**Dataset content**
+--

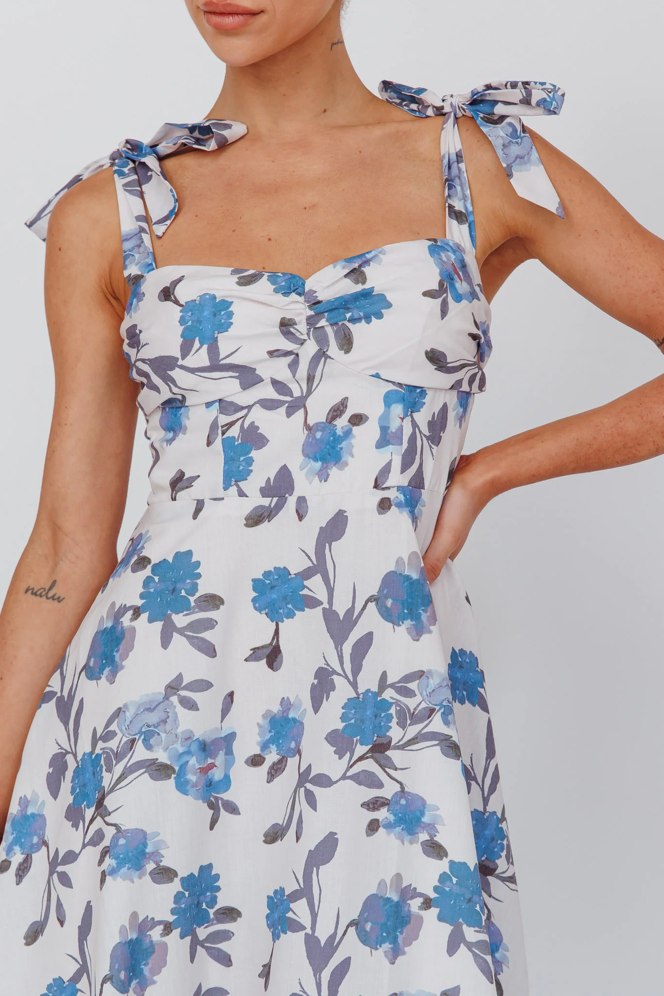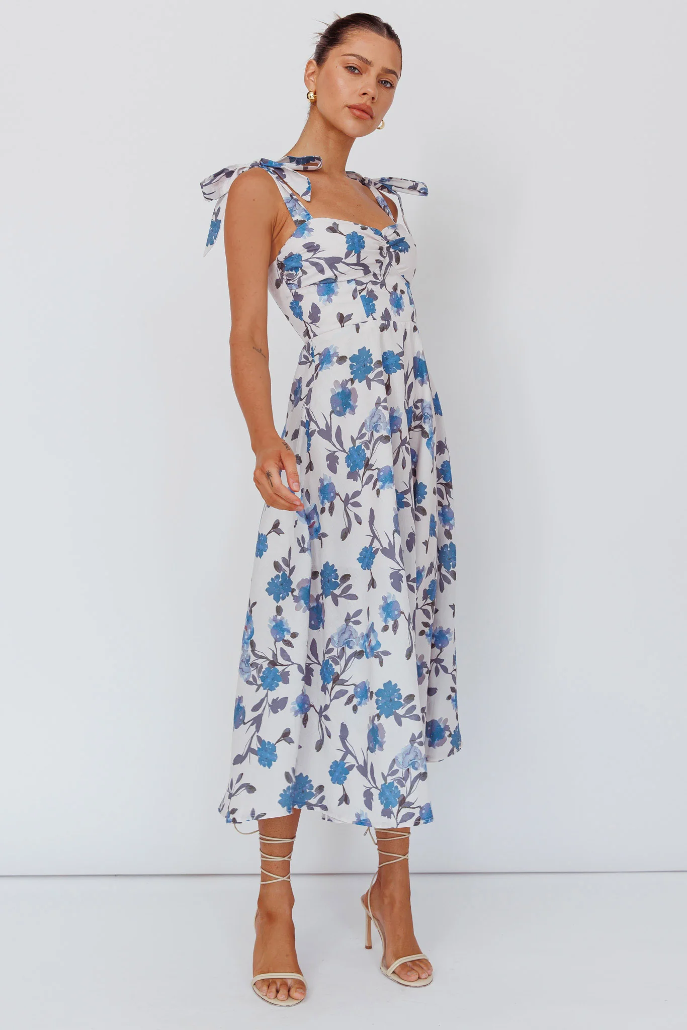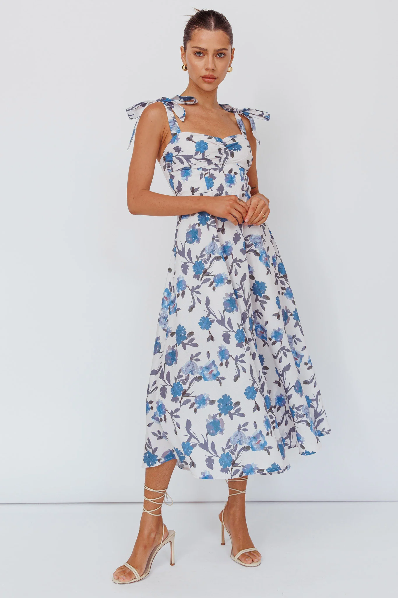 Sweet Pea Tied Bust Midi Dress Flower Blue
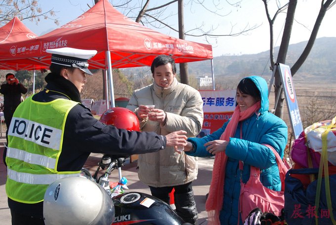 陈先生在1月16日5点带着妻儿开启返乡之旅。上午10时,他的摩托车刚一停靠,现场交警就面带微笑招呼他们进服务点坐下喝碗热茶,并且热情地端出花生等食物让他们品尝。交警还适时送上交通安全提示卡,在嘘寒问暖的同时,提醒注意道路安全。
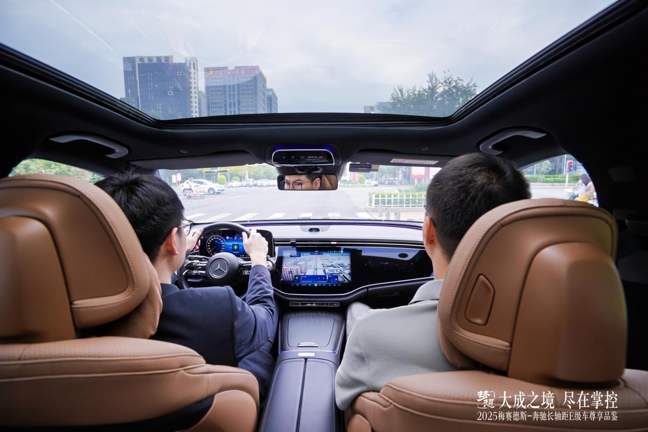 “科技互动区” 藏着 “大成” 智慧。“你好,奔驰” 唤醒 MBUX 系统,ARTICO 皮革座椅、可调后排椅背、64 色氛围灯与柏林之音带来舒适。专业讲师演示的悬挂与驾驶辅助系统,让过弯沉稳、直道平顺的 “从容” 可感。
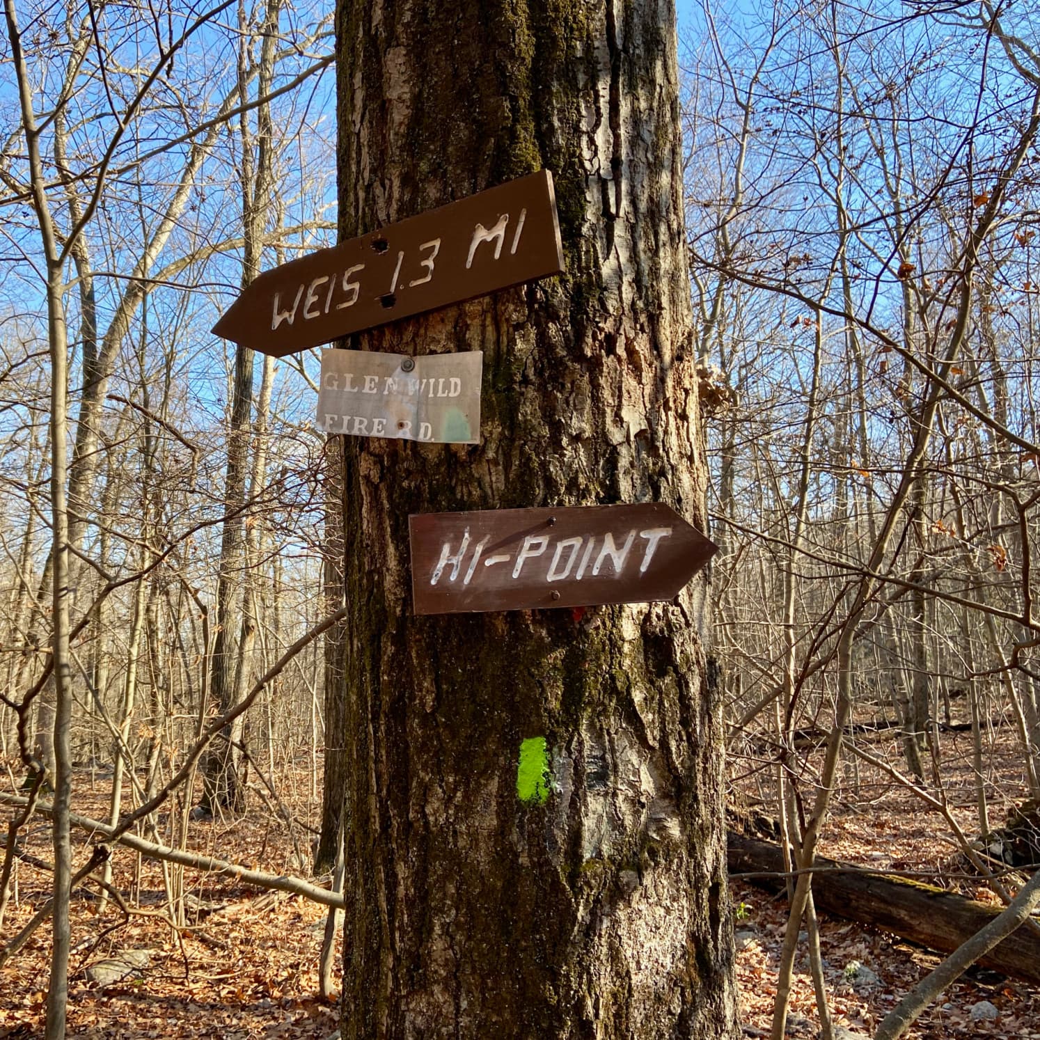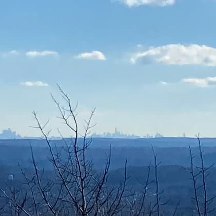 A neat feature of this hike, and one I apparently did not expect in my research ahead of time, is that from the “high point” lookout in the park you can get a good view of New York City. It was a pretty clear day and we did see a nice city outline on the horizon! I have cropped one poor iPhone 11 photo in the gallery below and enhanced it a bit to give clear distinction to the buildings rising up in the distance.

+--

**What is needed**
Leaving the pictures aside, write out only the lines from the one containing "唤醒 MBUX 系统,ARTICO" through the end of the material, exactly as they stand.

**Result**
 “科技互动区” 藏着 “大成” 智慧。“你好,奔驰” 唤醒 MBUX 系统,ARTICO 皮革座椅、可调后排椅背、64 色氛围灯与柏林之音带来舒适。专业讲师演示的悬挂与驾驶辅助系统,让过弯沉稳、直道平顺的 “从容” 可感。
 A neat feature of this hike, and one I apparently did not expect in my research ahead of time, is that from the “high point” lookout in the park you can get a good view of New York City. It was a pretty clear day and we did see a nice city outline on the horizon! I have cropped one poor iPhone 11 photo in the gallery below and enhanced it a bit to give clear distinction to the buildings rising up in the distance.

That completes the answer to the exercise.